Corporate America is starting to route AI agent tasks to the cheapest model that can handle them, and the numbers suggest frontier labs should pay attention. CNBC reported Thursday that enterprises deploying AI agents are shifting from running all work on premium models to intelligent routing layers that match task complexity to model capability, cutting token spend by 40 to 60 percent.

The Cost Math That Broke the Default

The problem is straightforward: most companies defaulted to the most powerful model for every query, regardless of complexity. Glean CEO Arvind Jain told CNBC that roughly 95% of enterprise AI usage still runs on the most expensive frontier models, even for tasks cheaper alternatives handle easily.

Cisco’s numbers illustrate why that default is unsustainable. Chief Product Officer Jeetu Patel laid out the arithmetic: at roughly $200 of token usage per employee per week, that scales to about $10,000 per person annually. For a company with 90,000 employees, the annual bill approaches $900 million. Patel told CNBC that Cisco came in well over its own budget and has had to reallocate resources, prioritizing token spend over other costs as 30,000 engineers now build products written largely with AI.

How Routing Works

Cognition CEO Scott Wu, whose company builds the coding agent Devin, described the gain to CNBC: for boilerplate work, companies can get five to ten times better cost efficiency using models that are still good enough for the task. His example was pointed: ask any model to name the third U.S. president, and whether it costs $4 or $0.50 per million tokens, the answer is Thomas Jefferson.

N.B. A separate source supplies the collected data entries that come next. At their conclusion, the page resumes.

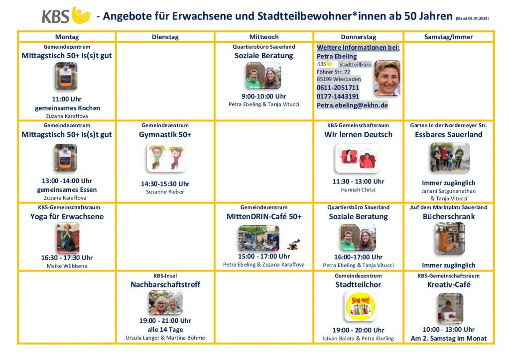 50+ Angebote Die 50+-Angebote sind für alle Stadtteilbewohner*innen ab 50 Jahren. 50+-Angebote Kontakt Petra Ebeling0611 / 20517-110177 / 1443191E-Mail: petra.ebeling[ät]ekhn.de mit freundlicher Unterstützung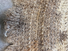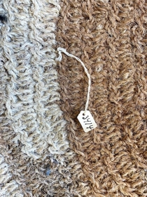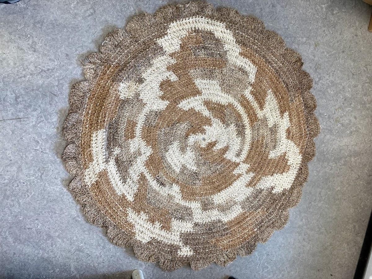Gólfmotta úr hrosshári, þrílit, þverm: 112 sm. Hún er hekluð af móður gefanda, Ragnhildi á Stóra-Hofi, en faðir hennar Jón Einarsson frá Hvoli í Mýrdal vann hrosshárið.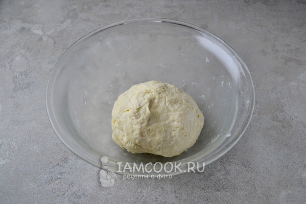 Быстро замесите тесто. Оно получается очень мягким, слегка липнущим к рукам. Затяните миску пищевой пленкой и поставьте в холодильник, пока будете готовить начинку.

The routing concept is already shipping as product. Factory AI launched Factory Router on June 1, according to Startup Fortune, claiming 20 to 25 percent cost reduction while preserving 99% of Claude Opus 4.7’s pass rate on Terminal-Bench 2. More aggressive routing dropped performance to 81% of Opus at 56% of the cost. Perplexity AI announced a hybrid local-server inference orchestrator at Computex 2026 that automatically routes agent tasks between on-device and cloud models.

The Revenue Threat

The business model risk is clear. OpenAI and Anthropic built their businesses, and the IPO expectations around them, on the assumption of enormous demand at premium prices. If enterprises widely adopt routing, both companies lose their “run everything on Claude or GPT” tax on every task.

Patel told CNBC he does not think routing sinks the frontier labs, and that cutting-edge technology will remain valuable. But he sees the pricing model shifting: the labs will have to get more efficient with how the models are used rather than simply charging more.

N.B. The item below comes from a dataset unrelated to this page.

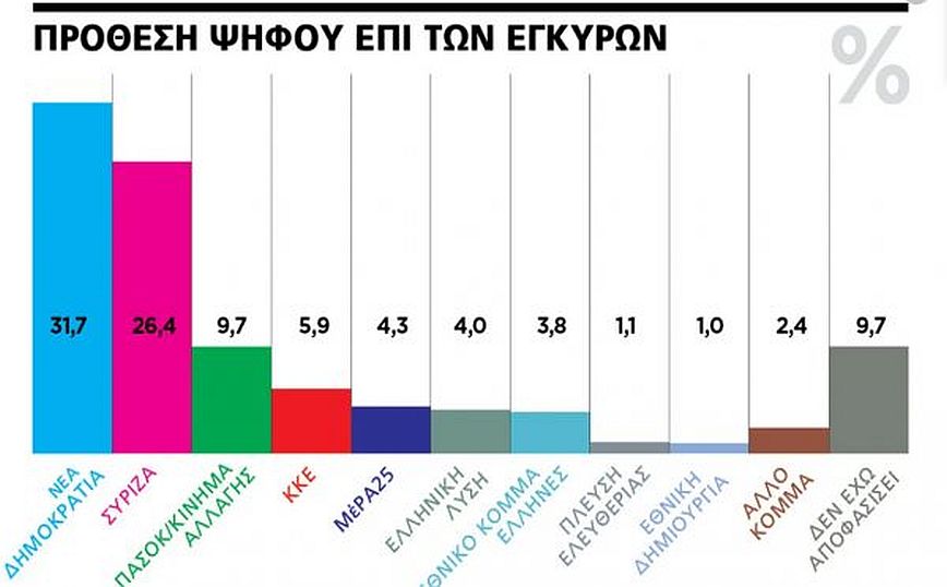 Πόλος υποδοχής ψηφοφόρων είναι ακόμη το Εθνικό Κόμμα Ελληνες του έγκλειστου στις φυλακές Ηλία Κασιδιάρη, που κινείται ανοδικά στο 3,7% (+0,7%), παρόλο που η συμμετοχή του στις κάλπες θα κριθεί με βάση τη νέα νομοθεσία για τις εγκληματικές οργανώσεις από τον Αρειο Πάγο μετά την επίσημη προκήρυξη των εκλογών.

Cognition is responding to the ROI pressure from a different angle. The company announced an “AI productivity guarantee”: if Devin delivers less engineering value than a customer pays for, Cognition will fund usage up to $10 million until performance catches up. Wu told CNBC that companies should be measuring output, not activity. “You can spend billions of tokens and be doing nothing with it,” he said.

The Valuation Question

Pricing power is shifting from the companies selling premium AI toward the companies buying it. The frontier labs will still command a premium for the hardest work. The question CNBC poses is how much of the market is “the other stuff,” the routine classification, extraction, formatting, and retrieval that agents do thousands of times per day. If most agent tasks are simple ones, and routing sends those to $0.50 models instead of $4 models, the total addressable revenue for frontier labs shrinks significantly. For OpenAI and Anthropic, both preparing for public markets, the answer determines whether current valuations hold.